• [Assignment]: Copy word for word the lines in the records below, starting at the line with "Roca Комплект унитаза" and ending at the line with "9ct White Gold". Skip the pictures.
── Supplied material
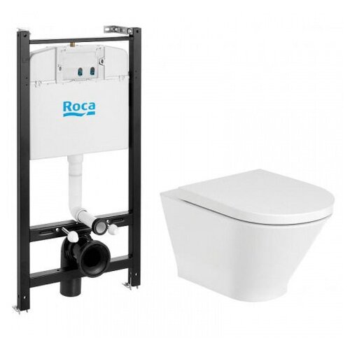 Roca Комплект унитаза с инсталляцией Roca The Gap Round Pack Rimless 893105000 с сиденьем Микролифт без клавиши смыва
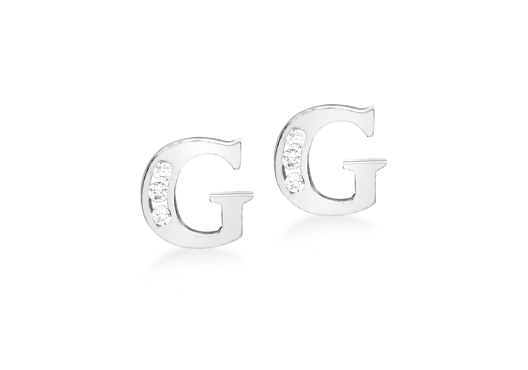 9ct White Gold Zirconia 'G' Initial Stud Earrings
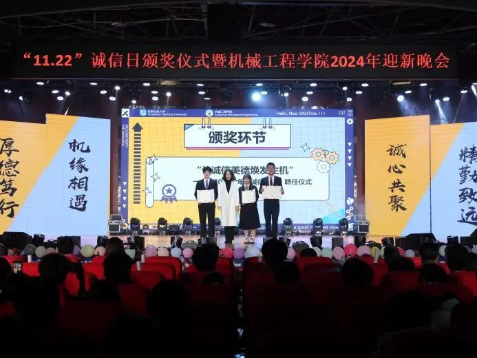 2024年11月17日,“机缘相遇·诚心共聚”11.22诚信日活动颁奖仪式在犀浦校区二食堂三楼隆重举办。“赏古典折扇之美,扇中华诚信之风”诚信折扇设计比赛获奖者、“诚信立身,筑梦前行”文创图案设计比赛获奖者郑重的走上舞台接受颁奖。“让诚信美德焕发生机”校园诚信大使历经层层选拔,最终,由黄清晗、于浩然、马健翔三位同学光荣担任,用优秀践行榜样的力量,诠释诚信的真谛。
────
── Supplied material
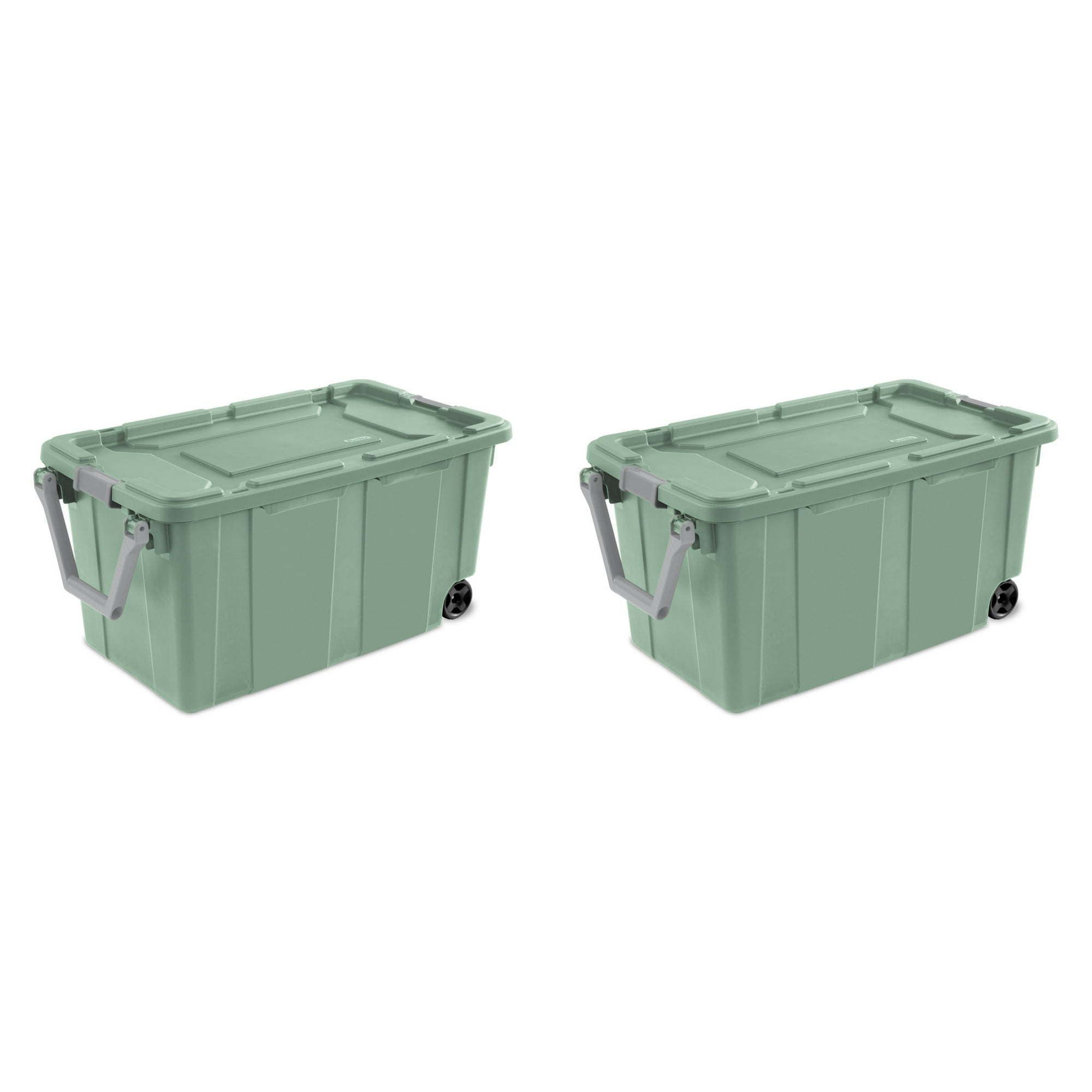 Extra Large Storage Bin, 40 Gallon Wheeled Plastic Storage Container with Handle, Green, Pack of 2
────
• [Task result]:
 Roca Комплект унитаза с инсталляцией Roca The Gap Round Pack Rimless 893105000 с сиденьем Микролифт без клавиши смыва
 9ct White Gold Zirconia 'G' Initial Stud Earrings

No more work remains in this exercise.